### [TASK REQUIREMENTS]
Leaving out every picture, retype the lines below from the top through the one that contains "black t-shirt sith".

********

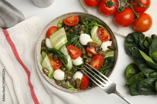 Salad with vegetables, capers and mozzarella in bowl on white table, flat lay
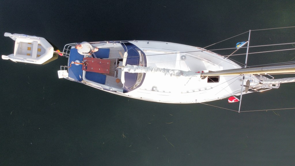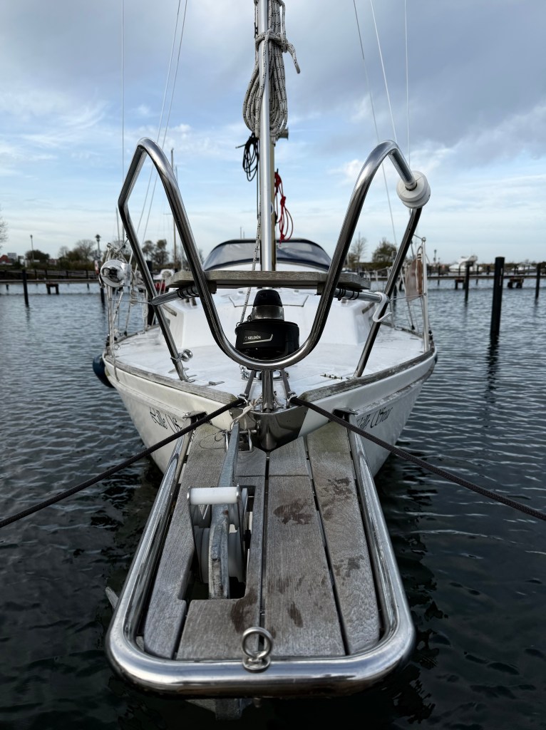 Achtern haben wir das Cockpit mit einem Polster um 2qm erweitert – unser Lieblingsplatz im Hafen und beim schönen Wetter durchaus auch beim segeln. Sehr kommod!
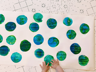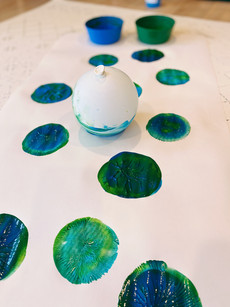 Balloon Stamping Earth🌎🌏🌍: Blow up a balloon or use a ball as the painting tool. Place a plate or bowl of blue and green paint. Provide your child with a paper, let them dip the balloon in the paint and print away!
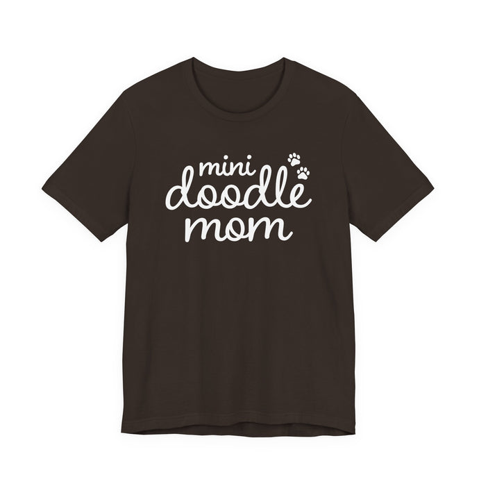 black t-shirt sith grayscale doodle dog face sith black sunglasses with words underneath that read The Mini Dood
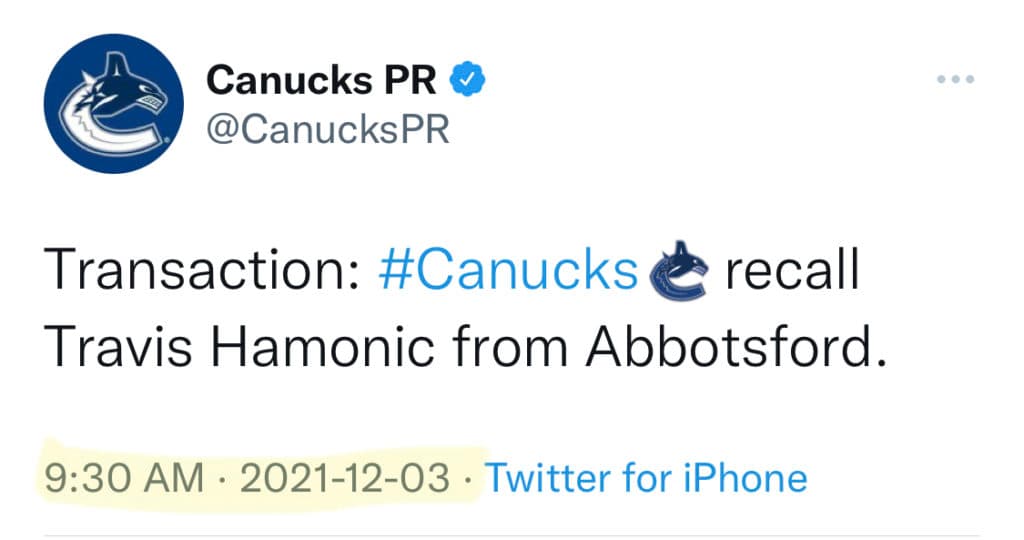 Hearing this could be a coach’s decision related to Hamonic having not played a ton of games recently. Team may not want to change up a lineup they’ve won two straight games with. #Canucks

********

### [ANSWER AREA]
 Salad with vegetables, capers and mozzarella in bowl on white table, flat lay
 Achtern haben wir das Cockpit mit einem Polster um 2qm erweitert – unser Lieblingsplatz im Hafen und beim schönen Wetter durchaus auch beim segeln. Sehr kommod!
 Balloon Stamping Earth🌎🌏🌍: Blow up a balloon or use a ball as the painting tool. Place a plate or bowl of blue and green paint. Provide your child with a paper, let them dip the balloon in the paint and print away!
 black t-shirt sith grayscale doodle dog face sith black sunglasses with words underneath that read The Mini Dood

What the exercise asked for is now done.